Charlie Weaver, MBP’s executive director, said his organization lobbied during the last legislative session for the new physics and nanotechnology building — a project that received funding from the bonding bill passed during the special session. He said MBP has been supportive of the University on a case-by-case basis.

“If we’re going to keep the large companies in Minnesota … we have to have a University that provides top-notch talent,” he said.

An engine for business

Minnesota has 20 Fortune 500 companies — more per capita than any other state, according to the Minnesota Department of Employment and Economic Development. And its industry is diverse — home to medical companies like Medtronic; agriculture and food producers like Hormel, Cargill and General Mills; retailers like Target and technology companies like 3M.

According to a study conducted by consulting firm Tripp Umbach in March, every dollar invested in the University of Minnesota generates $13.20 for the state’s economy. All told, that adds up to an $8.6 billion economic impact. The study was financed by the University of Minnesota Foundation.

Robling was skeptical of the study. She said other forces at work may have inflated the numbers.

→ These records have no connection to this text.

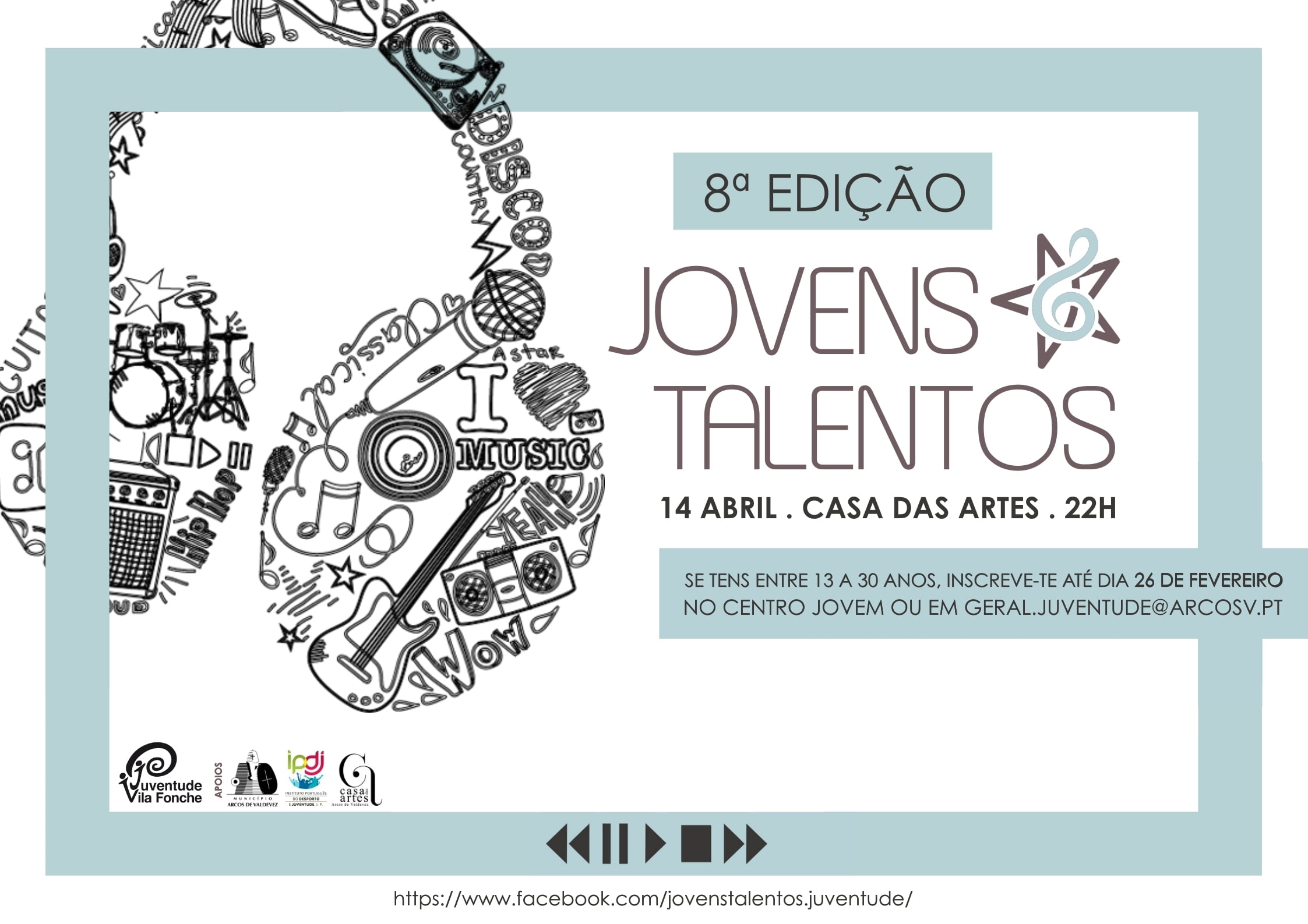 As inscrições para a 8ª edição terminam a 26 de fevereiro e toda a informação necessária pode ser consultada na página oficial de facebook @jovenstalentos.juventude ou em @ASRJuventudeVilaFoche .
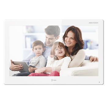 - HIKVISION, Intercom room station, 10" IPS Touchscreen 1024x600, Android OS, Video, Colour, Hands free, 8CH alarm inputs, Call tone mute with indicator, WiFi, White, 12V DC, POE,
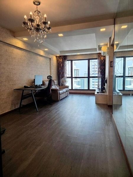 Step into a warm and inviting space where modern comfort meets functionality. The open-concept living room greets you with its stylish brick-patterned wallpaper and a stunning mirrored feature wall that enhances the natural light, creating a cozy ambiance. The chandelier and recessed lighting add a touch of elegance, while the wood-look flooring provides a homely feel, perfect for relaxation.
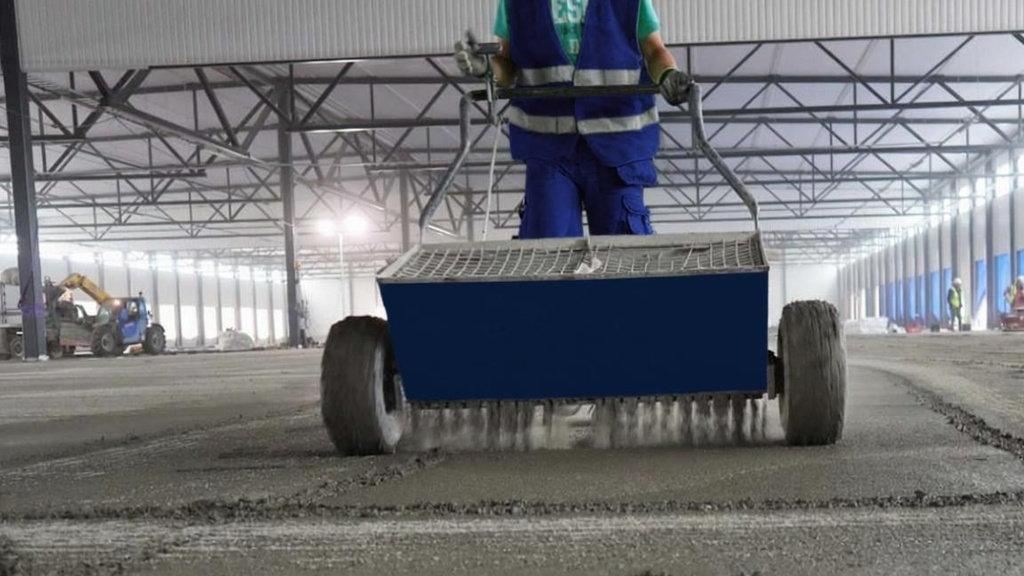 ▪ Нанесите упрочнитель (топпинг) DUROCOR или DUROQUARTZ, предпочтительно при помощи дозаторной тележки, чтобы создать равномерный слой. В первую очередь нанесите смесь на участки вблизи стен, колонн, дверных проемов конструкций, так как эти участки первыми теряют влагу. Расход топпинга при первом внесении - около 2/3 от общего объема.

 “Our region is consistently rated as having one of the best-educated and most dedicated workforces in the country, and that doesn’t happen without a strong and effective higher education system,” General Mills chairman and CEO Ken Powell said in an email. Powell is up for approval to join the University’s Board of Trustees on Friday.

According to alumni surveys, University graduates have started nearly 10,000 companies in Minnesota.

The University asked the business community what they wanted from the University in two surveys conducted in 2005 and 2008.

“It’s talent, training and technology,” OVPR spokesman John Merritt said of the results.

Small business

Marc von Keitz said his company might not exist if it weren’t for the University.

He is the president and co-founder of BioCee, a nine-employee industrial biotechnology start-up that contracts for lab space in Snyder Hall. Many of its employees either graduated from the University or worked there, von Keitz said.

“I think [the University] was really fundamental in the sense that the company would not exist without the technology that was developed at the University,” von Keitz said. “It was a critical starting point.”

Having access to the University’s lab resources, support and staff has been critical in his company’s success, von Keitz said.

He said the advantage goes both ways.

“Having some success stories of this being done is also a recruitment tool to get the best faculty as well as really good students and post-docs,” he said.

Balancing act

Some business contributions to the University are highly visible: Target Atrium; the Target Studio for Creative Collaboration; TCF Bank Stadium; the Hormel Institute are all sponsored parts of the University. But the University can’t afford to have corporations stamped all over its research: there are strict guidelines designed to maintain academic freedom.

Those guidelines are designed to prevent businesses and faculty from taking advantage of partnerships, but they don’t always work. In the wake of high-profile conflicts of interest, the University Senate revamped its conflict of interest policy in April and created a standalone policy for clinical health care employees.

“We will not partner with a company if that partnership hampers our ability to publish our research results freely and to take that intellectual inquiry wherever it goes,” Kaler said in a September interview. “There’s a very clear set of guidelines we have in engaging foundations and corporations in funding things that we want to do.”

Merritt said the key is managing relationships and making sure both sides understand the rules.

Even with the decline in state support, Robling doesn’t think Minnesotans have major cause for conflict of interest concerns.

“There’s a lot of private institutions that have to depend a lot on contributions, and I don’t think there’s been a problem there,” she said, approving of Kaler’s call to strengthen the University’s relationship with area businesses.

“I’d love to see it expanded,” she said.